When Ray tried blindly rushing through it anyway, he ended up crashing into a nearby wall. He cursed again, his voice coming out odd since his nose felt crushed. He had to send in a bit of Recovery to heal it.
With no other options available, Ray rose straight up. His wings took him over the cloud of darkness.
It didn’t help. Emerging from the gloom didn’t help. The thieves were long gone. Ray looked everywhere but saw no signs of them. They were no signs of them anywhere. He had—
With a wild yell, one of them launched at him from a nearby building. Ray yelled out, lashing out with a hard kick, but failed to land it properly. The last thief wasn’t gone. Bastard had hidden away, somehow suppressing his presence to evade even Primordial Gauge, and was now attacking Ray directly.
The whip cracked against Ray’s leg, wrapping around his ankle. Immediately, his whole body went stiff. He plummeted.
Electricity. Fucker had some sort of electric ability that was shocking the life out of Ray.
Heavy sparks of electricity waved off the last thief and cut across the reminder of the Spiritguard orbs. Every single one of the protective spheres of chaos disintegrated. Ray was left defenceless.
“Time for you to die, fool!” the thief yelled as he leaped.
Ray couldn’t move. He tried using his spells, but this thief was the one who possessed that strange blue aura, the one that debuffed other abilities. No surprise that even the True Mana arm from Soulstrike was suppressed by the strange aura.
The man was a few instants from crashing right on top of Ray. But there was still one option left. He had to bless the fact that his Intellect had crossed into Tier 3.
Ray cast Project Presence. All the spells he had tried using had a tangible, physical presence. It was why the thief had been able to counteract them with his electricity and his aura. But not Project Presence. The man had no counters to Ray throwing his incorporeal spirit at the guy.
In the next instant, he passed through Ray’s spirit.
Spectral Step. Ray’s teleporting emergence made the man explode. Blood and guts went flying everywhere, his body covered in flesh and innards. Fragments of bones rained alongside the blood on the street below.

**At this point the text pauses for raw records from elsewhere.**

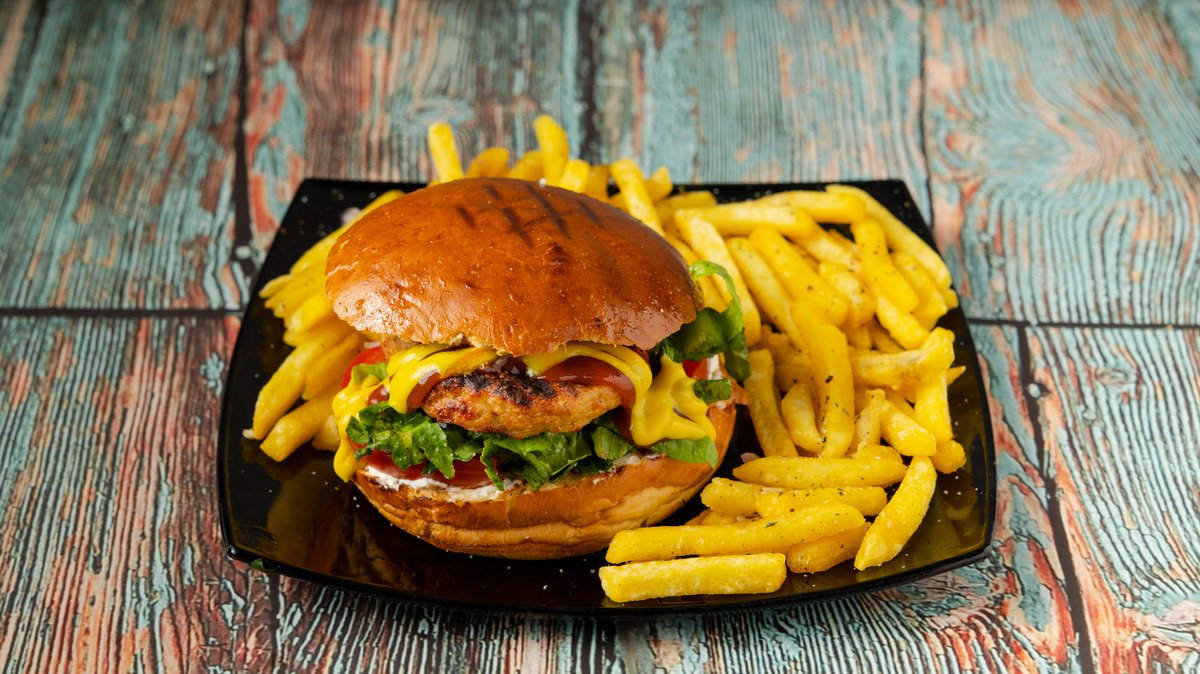 Μπιφτέκι κοτόπουλο, ντομάτα, κρεμμύδι, μαγιονέζα, κέτσαπ, μουστάρδα. Συνοδεύεται με πατάτες
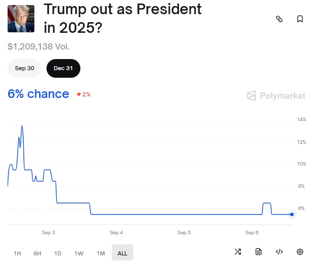 特朗普今年卸任美国总统概率为6% 2025-09-06
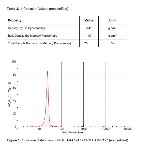 NIST SRM 1917汞滲透測量標(biāo)準(zhǔn)(標(biāo)準(zhǔn)品)由氧化鋁珠組成。材料的初級(jí)顆粒形成穩(wěn)定的附聚物。使用水銀孔隙率測定法,測量團(tuán)塊內(nèi)的孔隙。
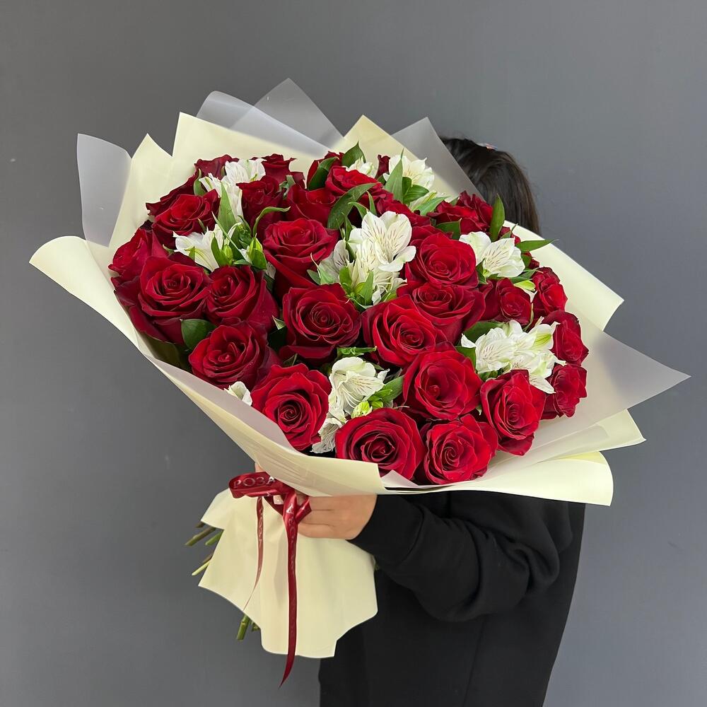 Волнующая композиция из алых роз и белоснежных альстромерий — воплощение совершенной любви. Идеальный выбор для романтического признания или годовщины отношений. Заказать букет цветов с доставкой в Нефтегорске.

Thankfully, Ray recovered fast. He had used his Recovery to take care of the debilitating effect of the electricity, regaining enough motor control to land on his feet.
[Enemy Defeated—Human]
Thunderwhip Bandit [Tier 3] Human: [Level 27] x1
Essence: +4,050
Knowledge: +3
True Mana Restored: +270
Essence to Level 30: 54,910/59,200
Knowledge to next Threshold: 1,124/1,250
Ray looked around at the remains of the thief. His mood grew sourer and sourer. It wasn’t just because he was covered in gore and body parts. It was because he had a good idea of just who he had been attacked by.
It was starting to look like Cory had been right. Ray would need to deal with that damn gang.